• [Work to be completed]: For every line in the material, output its text exactly and exclude any image it holds.

• [Recorded data]:
────────────────
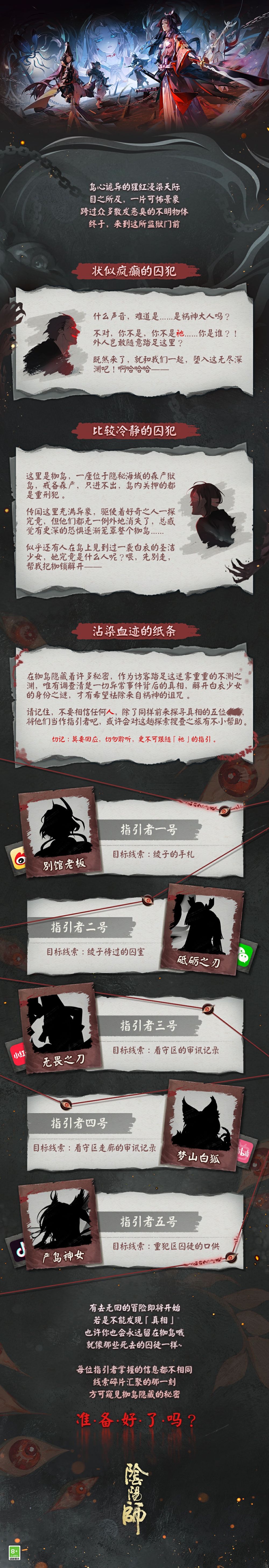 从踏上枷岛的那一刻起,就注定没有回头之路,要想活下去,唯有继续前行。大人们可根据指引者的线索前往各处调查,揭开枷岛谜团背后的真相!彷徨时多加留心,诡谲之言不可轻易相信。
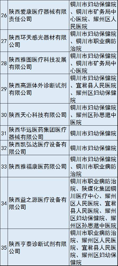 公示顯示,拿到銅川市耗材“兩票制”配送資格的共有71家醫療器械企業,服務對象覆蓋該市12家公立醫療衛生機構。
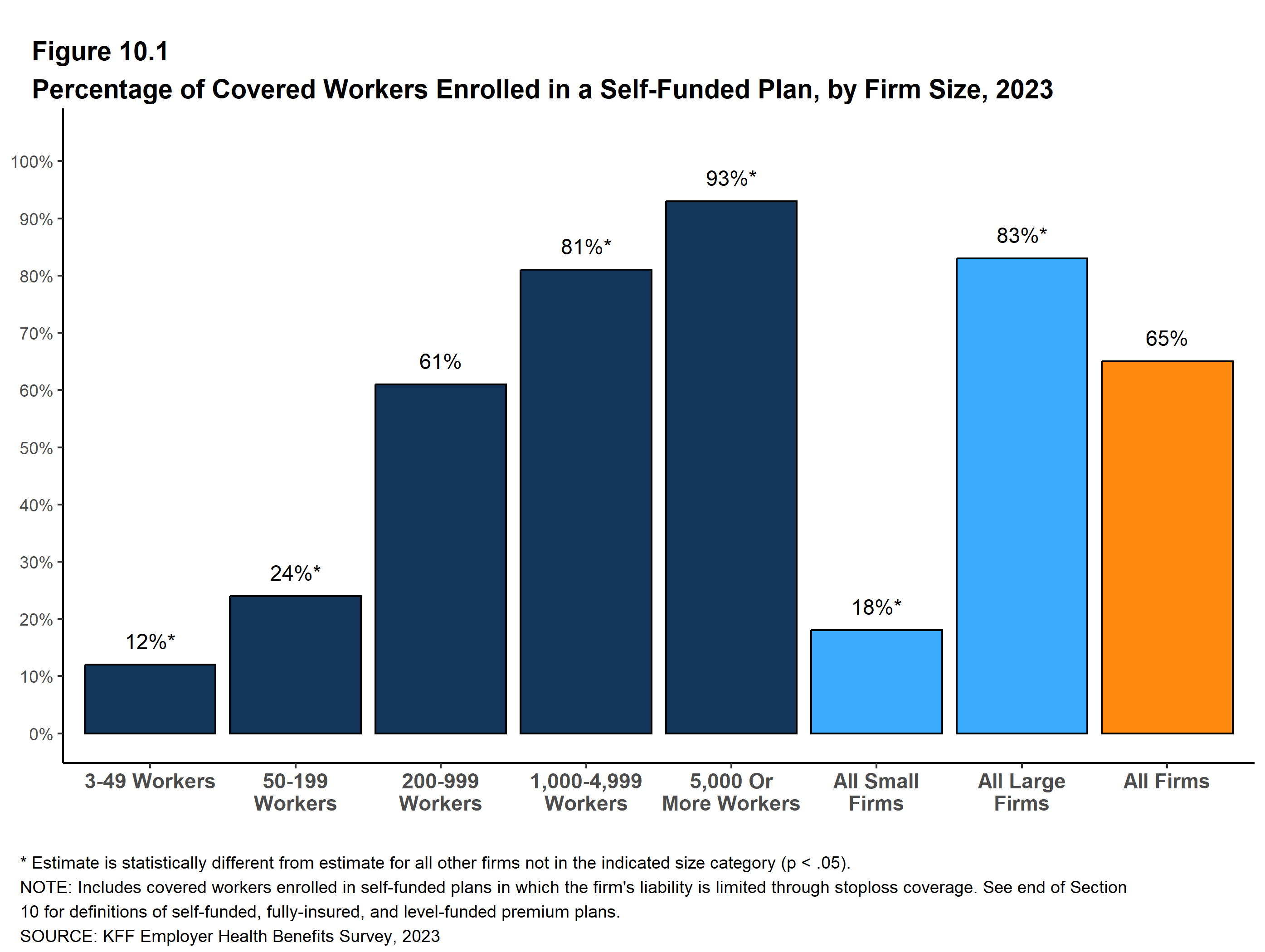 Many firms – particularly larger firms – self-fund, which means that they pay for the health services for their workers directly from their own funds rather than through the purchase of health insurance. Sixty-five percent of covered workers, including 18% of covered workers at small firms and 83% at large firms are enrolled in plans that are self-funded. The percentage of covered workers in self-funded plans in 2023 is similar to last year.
────────────────
• [Task response]:
 从踏上枷岛的那一刻起,就注定没有回头之路,要想活下去,唯有继续前行。大人们可根据指引者的线索前往各处调查,揭开枷岛谜团背后的真相!彷徨时多加留心,诡谲之言不可轻易相信。
 公示顯示,拿到銅川市耗材“兩票制”配送資格的共有71家醫療器械企業,服務對象覆蓋該市12家公立醫療衛生機構。
 Many firms – particularly larger firms – self-fund, which means that they pay for the health services for their workers directly from their own funds rather than through the purchase of health insurance. Sixty-five percent of covered workers, including 18% of covered workers at small firms and 83% at large firms are enrolled in plans that are self-funded. The percentage of covered workers in self-funded plans in 2023 is similar to last year.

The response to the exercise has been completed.